# Tackle Stores



## @work (Jun 20, 2012)

The family is headed down to Pensacola in mid-August for several days. Can you guys recommend some good tackle stores in the Pensacola area that carry a good supply of inshore tackle?


----------



## coolbluestreak (Jun 27, 2011)

Outcast comes to mind.


----------



## FishWalton (Jul 22, 2010)

Outcast is a good one. Another is Academy on David Hwy just off I-10.....they have a pretty good fishing stock.


----------



## Hopin4aboat (Jul 5, 2009)

Hot spots in gulf breeze or outcast in warrington depending on where your staying. If your looking for customer service by all means stay away from gulf breeze bait and tackle their service is below poor.


----------



## @work (Jun 20, 2012)

We're staying at the Beach Club on P'cola Beach. Thanks for all of the info.


----------



## Hopin4aboat (Jul 5, 2009)

Hot spots just across the bridge is your best bet.


----------



## Yaksquatch (Mar 23, 2009)

Go to Hot Spots, they're on the right just a little after you get off 3-mile bridge in Gulf Breeze.

Good luck!
Alex


----------



## Magic Mike (Jun 30, 2009)

Hot Spots... no doubt


----------



## IrishBlessing (May 13, 2012)

If you are around Bayou Texar try Dizzy Lizzys.

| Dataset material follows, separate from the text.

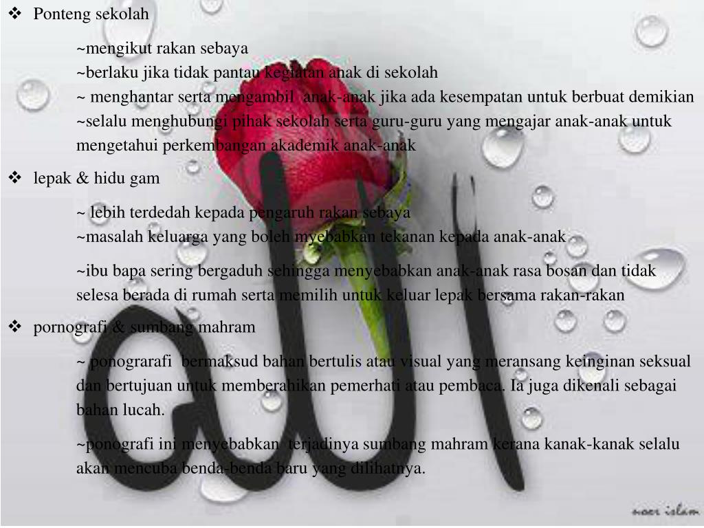 Ponteng sekolah • ~mengikut rakan sebaya~berlaku jika tidak pantau kegiatan anak di sekolah~ menghantar serta mengambil anak-anak jika ada kesempatan untuk berbuat demikian~selalu menghubungi pihak sekolah serta guru-guru yang mengajar anak-anak untuk mengetahui perkembangan akademik anak-anak • lepak & hidu gam • ~ lebih terdedah kepada pengaruh rakan sebaya~masalah keluarga yang boleh myebabkan tekanan kepada anak-anak • ~ibu bapa sering bergaduh sehingga menyebabkan anak-anak rasa bosan dan tidak selesa berada di rumah serta memilih untuk keluar lepak bersama rakan-rakan • pornografi & sumbang mahram • ~ ponograrafi bermaksud bahan bertulis atau visual yang meransang keinginan seksual dan bertujuan untuk memberahikan pemerhati atau pembaca. Ia juga dikenali sebagai bahan lucah. • ~ponografi ini menyebabkan terjadinya sumbang mahram kerana kanak-kanak selalu akan mencuba benda-benda baru yang dilihatnya.

Awesome service. If Pensacola Beach/Gulf Breeze Hot Spots.


----------



## aroundthehorn (Aug 29, 2010)

Hot Spots, Dizzy Lizzys, Outcast all come to mind. Gulf Breeze Bait and Tackle is an ongoing debate on here re: service and prices.


----------



## FishWalton (Jul 22, 2010)

Yep, Dizzy Lizzy is a good one, forgot about that one. I live in De Funiak. All of these are good for quality and talking tips if needed. Academy is good for price but not much on tips.


----------



## Flatspro (Oct 3, 2007)

Wirelessly posted

Hot spots!!!


----------



## dantheman1 (Apr 28, 2008)

For tackle and artificials academy has better prices than the local tackle shops.


----------



## shakenbake (Feb 21, 2011)

Hopin4aboat, I dont know where you re coming from with the comments on GBBT. They help me beyond belief, are very nice, cut deals, and are all about customer service. I know Victor personally and he helps everyone in ever way he can as well as the rest of the staff. They have been helping people in this area for over 30 years.


----------



## Instant Karma (Oct 9, 2007)

dantheman1 said:


> For tackle and artificials academy has better prices than the local tackle shops.



Support your local shop! Price is not everything.


----------



## Mudigger (Aug 5, 2011)

Hot Spots although the salty character of Gulf Breeze Bait and Tackle reminds me of Oscar Madison in the "The Odd Couple."


----------